A remarkable young talent
With a complex musical vision grounded in gorgeous melody, San Diego pianist Danny Green's new CD shows an artist drawing on modernist threads from Art Tatum to Dave Brubeck to Keith Jarrett while never getting too far out there. He also paints everything with a slight pan-Caribbean groove think a younger Monty Alexander.
The 11 tracks here are all straight-ahead jazz, and display a nicely developed ability to change up tempo. On the faster pieces, Green's left hand propels everything along with a charismatic urgency. Slow it down, and he shows a wonderful touch at lingering over a note, over a space, a pause.

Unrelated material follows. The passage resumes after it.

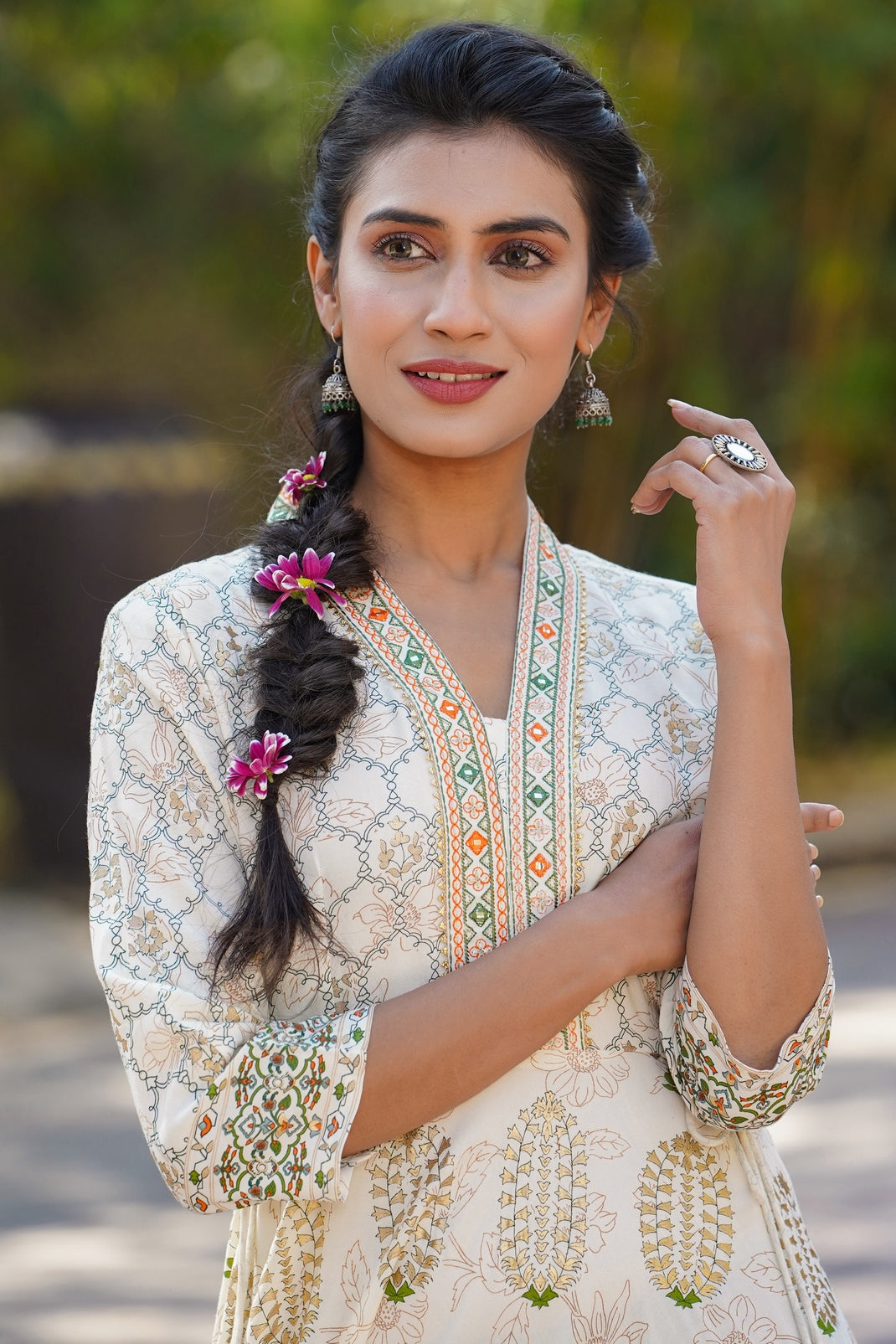 Ivory Rayon Printed Flared Dress

Green takes most of the leads on various keyboards acoustic piano, Fender Rhodes, melodica. Acoustic piano seems the best fit for his playing, providing him a richness of palette with which to create his solos. Equal parts percussive attack and thematic improvisation, Green's solos rework the main melody of a song without abandoning the thread. And he more than holds his own on the tracks where he's joined by North County jazz fixture Tripp Sprague on soprano sax. The rhythm section of bassist Justin Grinnell, drummer Dylan Savage and percussionist Allan Phillips is so solid they could never be said to be extraneous, but so strong is Green's own rhythmic foundation on piano that surely a solo album lies in his future.

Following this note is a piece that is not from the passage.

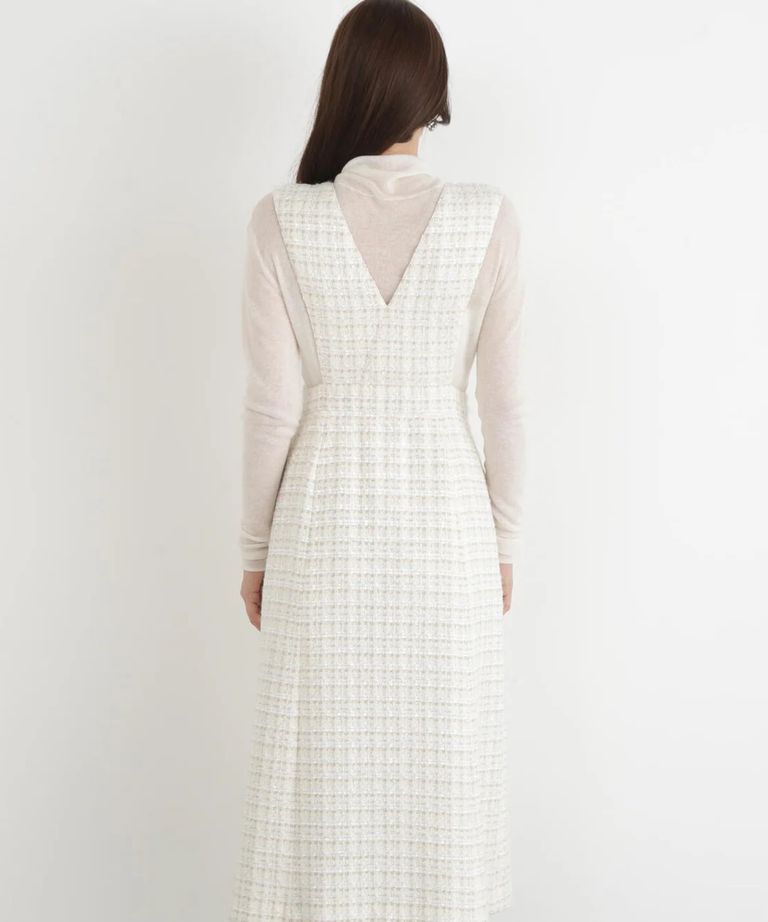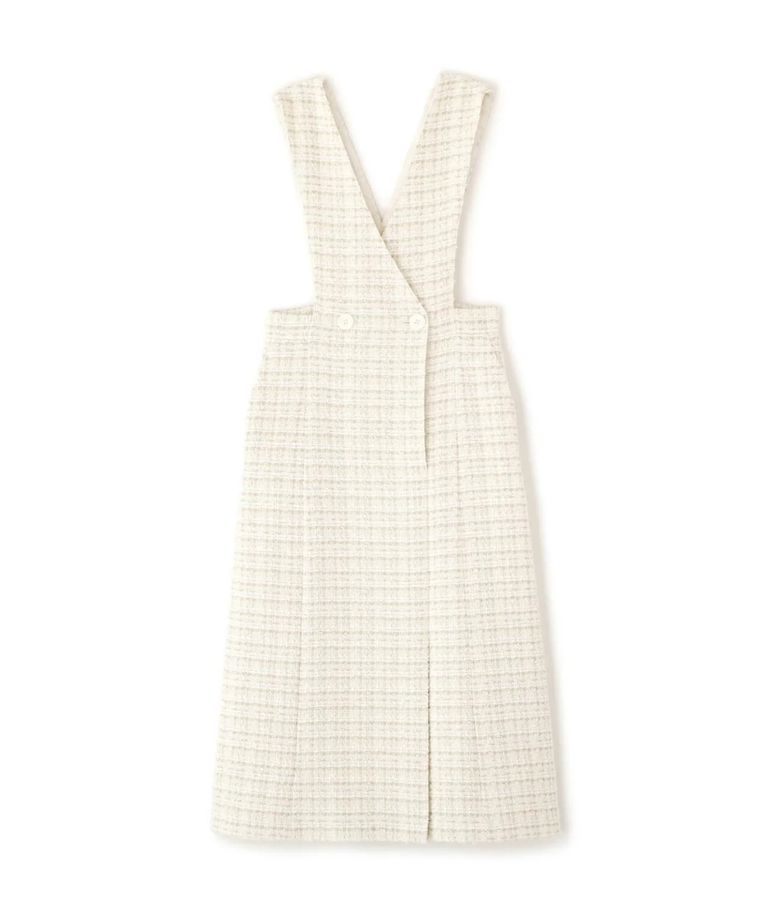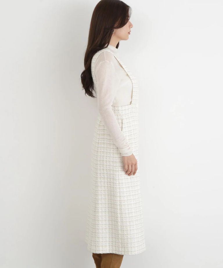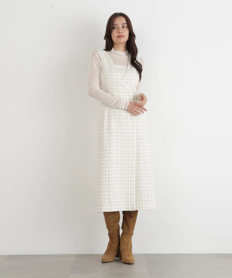 リープツイードジャンパースカート(エクリュ)毛 / ストレッチ無し / 前ボタンあき / ポケットあり / 裏地あり / 前裾ベンツあきあり / ふくらはぎ下くらいの丈 / 0315240009

All but one of the songs were written by Green (the lone cover being of Danilo Perez's "Suite for the Americas"), and all display a timeless elegance and grace. Most would have fit comfortably on classic albums by any of the artists listed above.
He doesn't seem to play out much, at least not as leader, but judging by the evidence of this disc Danny Green is a remarkable young talent who is already among the very best jazz musicians in San Diego.